Over a hundred contributors have their works crammed salon style into the old waiting room of a still functional ScotRail station. Trains zip past on their way to Glasgow Central on one side of the platform, suburban Neilston on the other. Openings can get crowded apparently. Make sure to stand well away from the edge with that drink in your hand.

Inside the Tardis space is like discovering your new favourite shop. There’s posters, paintings, texts, sculptures, videos, garments hanging, guitar-shaped things, album covers, a record player in a corner, a disc sometimes spinning, and a digital mix-tape playing a selection of music made by the various artists on show. Unsurprisingly there’s a distinctly Scottish flavour afoot underlining the Pete Frame-style interconnections between the musicians and artists, many having had mutual art school training down through the generations; a family tree of collaborations. There are gen-you-ine popstars to be found at play here – as well as Turner prizewinners.

The sheer number of contributions is such that justice cannot be done to all in a short review. Head in and a sight gag greets you: Martin Creed’s Work No. 158 (1996). A white sheet of paper has a message written in type – “something on the left as you come in, not too high and not too low” – and is, of course, placed just where you expect it to be. Jessica Voorsanger’s humour and her love of identity games and popular culture are caught in a series of Trading Cards – football cards with players’ faces substituted by musical giants like Prince. You hear your inner child whispering: got it, got it, not got it, wanna swap? The tiny loo, too, provides a laugh. Above the toilet seat is Hayley Jane Dawson’s Wild Wee: Skye (2017) – this being a photograph of imminent al fresco micturition.
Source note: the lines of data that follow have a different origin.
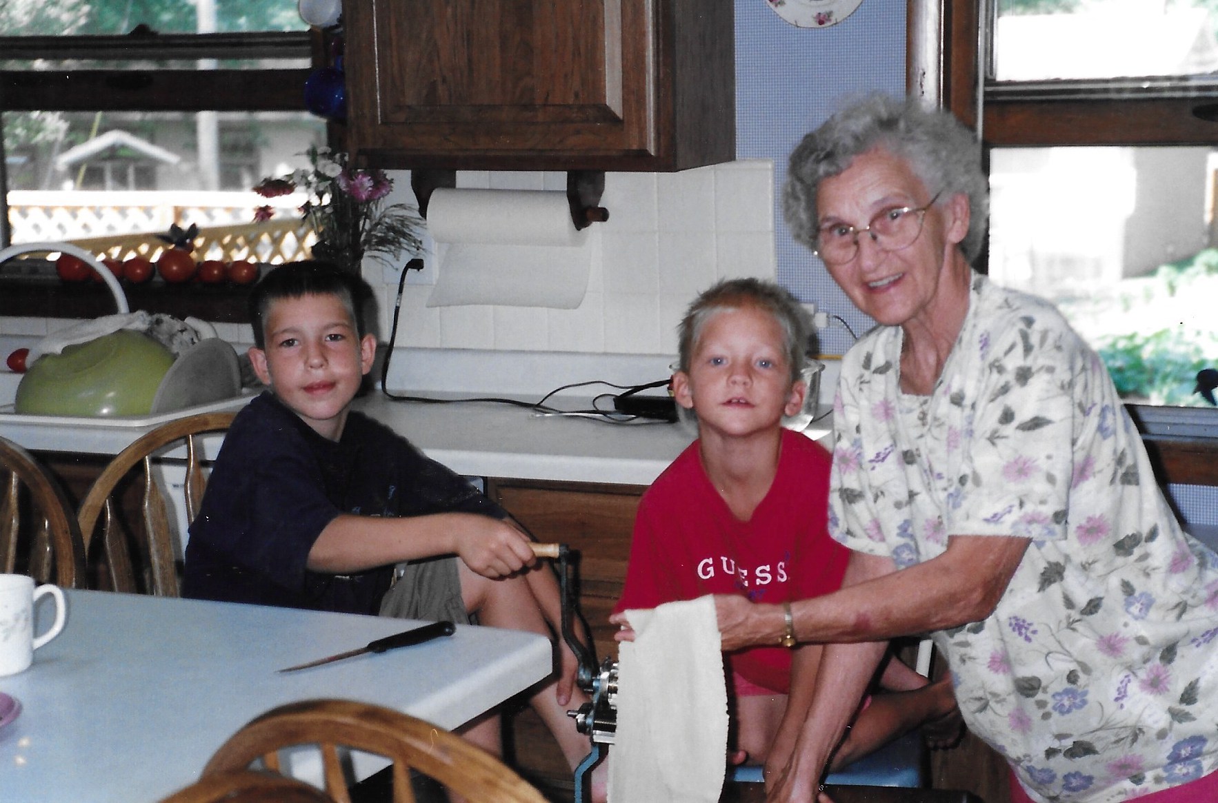 Grandma Vegter Baker Mom always made bread: batches of many, many loaves. Making noodles with Seth and Jordan ![]() |
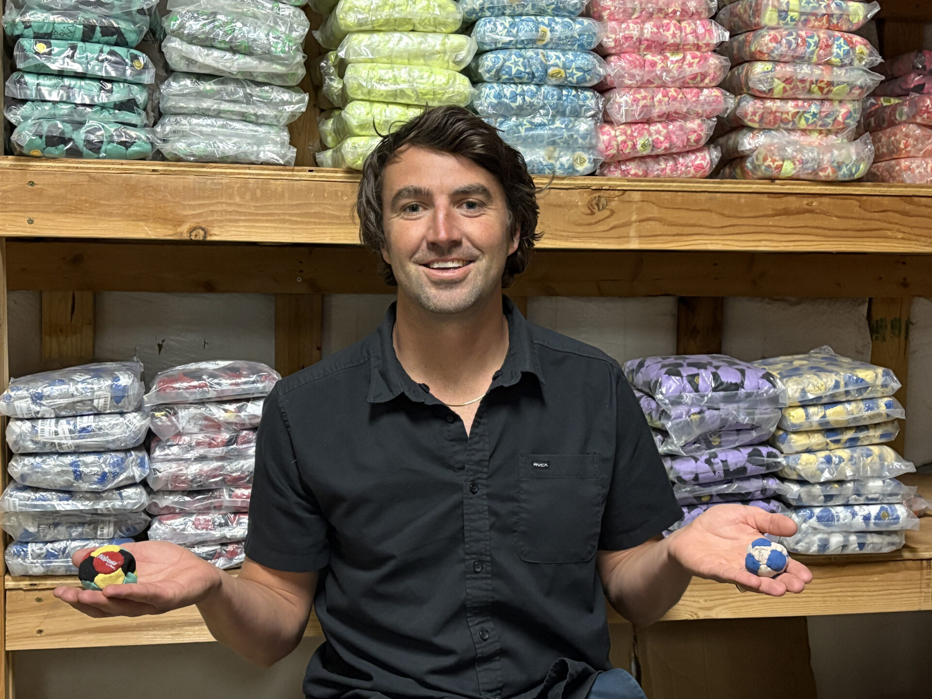 Greyson Herdman didn’t have to say “Can I hack in?” when he purchased the company last April. He had the inside track, buying it from his father-in-law and company founder Bruce Guettich. “I’m fired up and having a really good time with it,” says Herdman, who moved here three years ago from Bellingham, Wash., to work for the company. “I always played footbag and even made them, so to be running World Footbag Co. is a dream.”
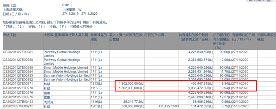 2019年8月,港交所披露易显示,林斌连续三日卖出小米股份,8月21日以9.0731港元卖出2670万股公司股票;8月22日卖出555.96万股,8月23日卖出904.76万股,三日共计卖出4130.72万股,套现大约3.7亿港元。
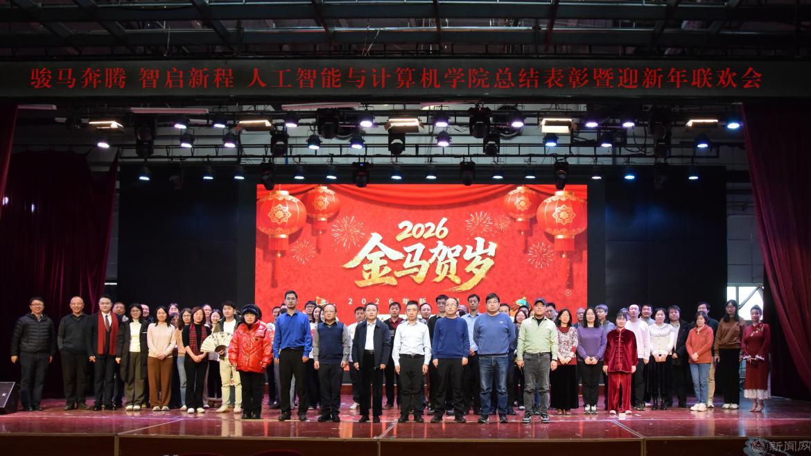 在辞旧迎新之际,人工智能与计算机学院在学生服务楼多功能厅隆重举行“骏马奔腾 智启新程”2026年新年联欢会。学院全体教职工齐聚一堂,共同回顾硕果累累的2025年,展望充满希望的未来新程。
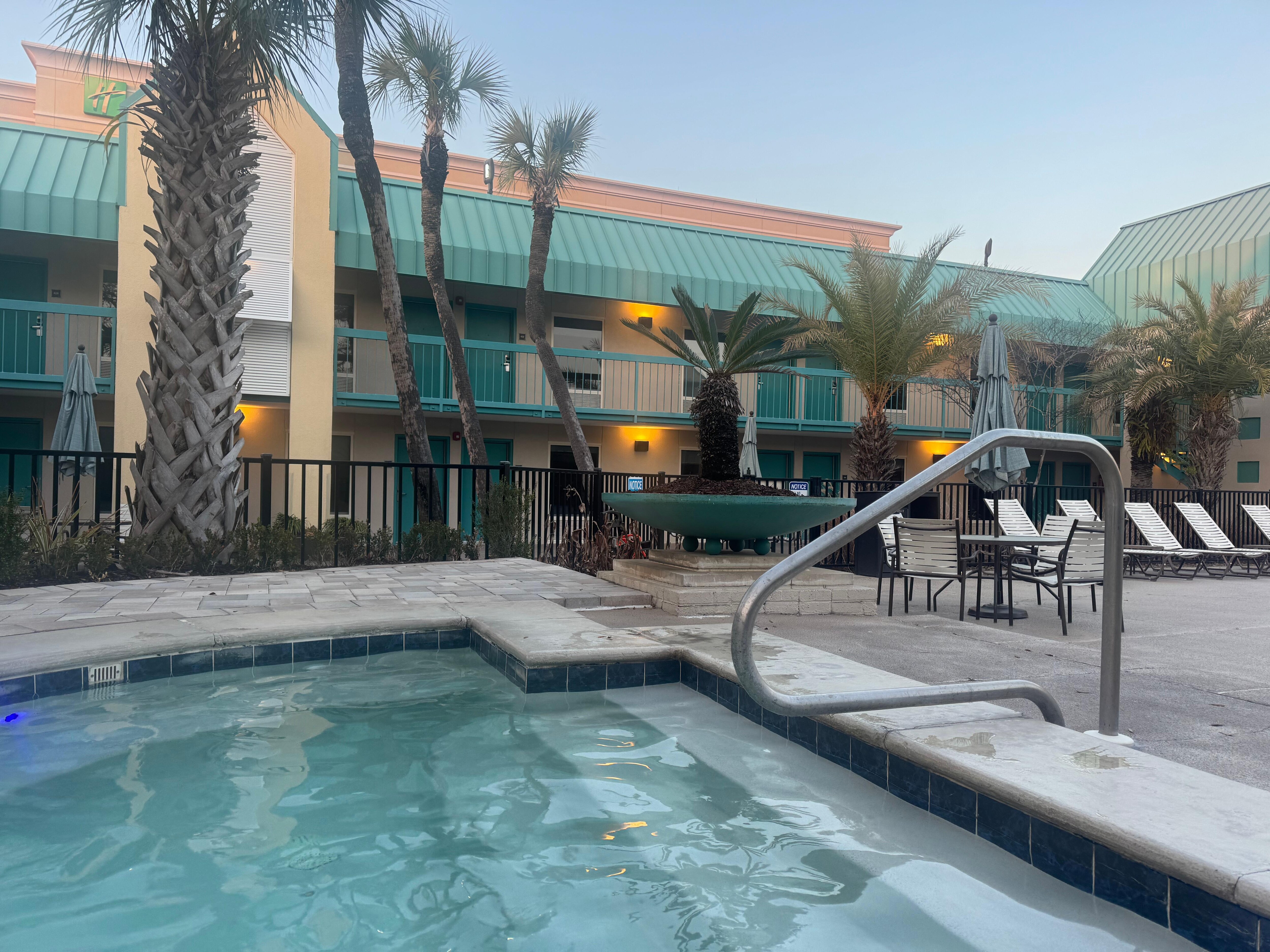 حمّام سباحة خارجي، مظلات على حمّام السباحة، مقاعد للتشمس
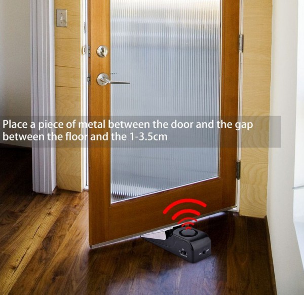 Прям как из того старого анекдотра "А ты дверь подпер"? Вот эта штука и устанавливается в паре сантиметров от двери, при открытии двери контакт замыкается, а динамик выдает 120 дБ. Тоже вариант, между прочим.
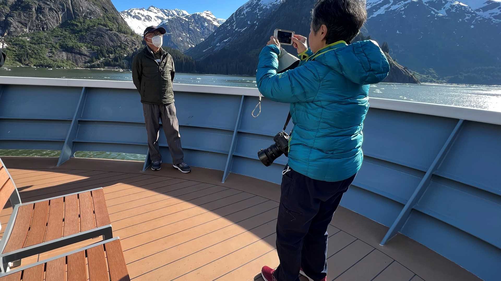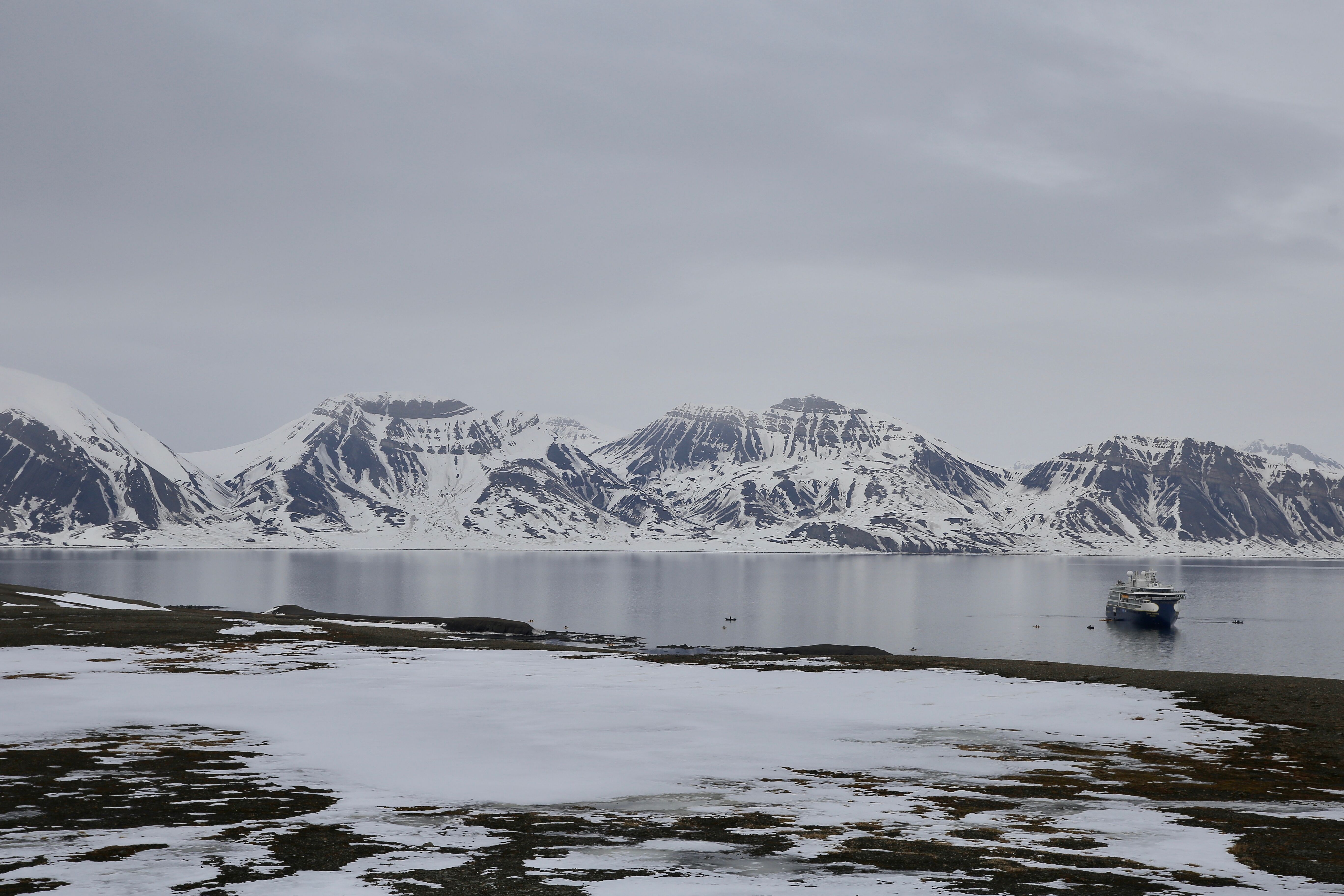 Southeast Alaska changed its usual rainy tune today and put on its Sunday best, with blue skies and blue ice all around us. After a spectacular morning meandering into Tracy Arm, we piled into Zodiacs to get a closer look at the towering cliffs, sculptured icebergs, and even a local bear fresh from hibernation, hiding high in the shrubbery and enjoying a springtime snack.

Historical piss-taking arrives with Roderick Buchanan’s Bandsmen (2018), a drawing that succinctly captures the persistently gormless sectarian tension abroad in Glasgow: two men march toward one another, separated only by a drum they both intend banging, sticks raised high at the ready. And Graham Fagen’s The Slave’s Lament (2015) references a Robert Burns poem from 1792 about a man from Senegal transported to the “lands of Virginia”, thus referencing the ignominy of Scotland’s colonial past.

The chronology of music itself is documented by Simon Starling, showing a monochrome production still from an upcoming film of concert pianist Rex Lawson performing John Cage’s 4’33” (1952). We see a beautiful shot of a push-up Pianola at Abbey Road Studio taken in February of this year. Nathan Coley’s contribution is a work on paper, a revision of his illuminated text installation Heaven Is A Place Where Nothing Ever Happens (2010). It’s a suitably tense nod to the Talking Heads song on their great Fear Of Music (1979) album. And high up in a corner of the room Martin Boyce provides a timely tribute in four letters to the greatly missed Prole Art Threat himself: Fall (for Mark E. Smith).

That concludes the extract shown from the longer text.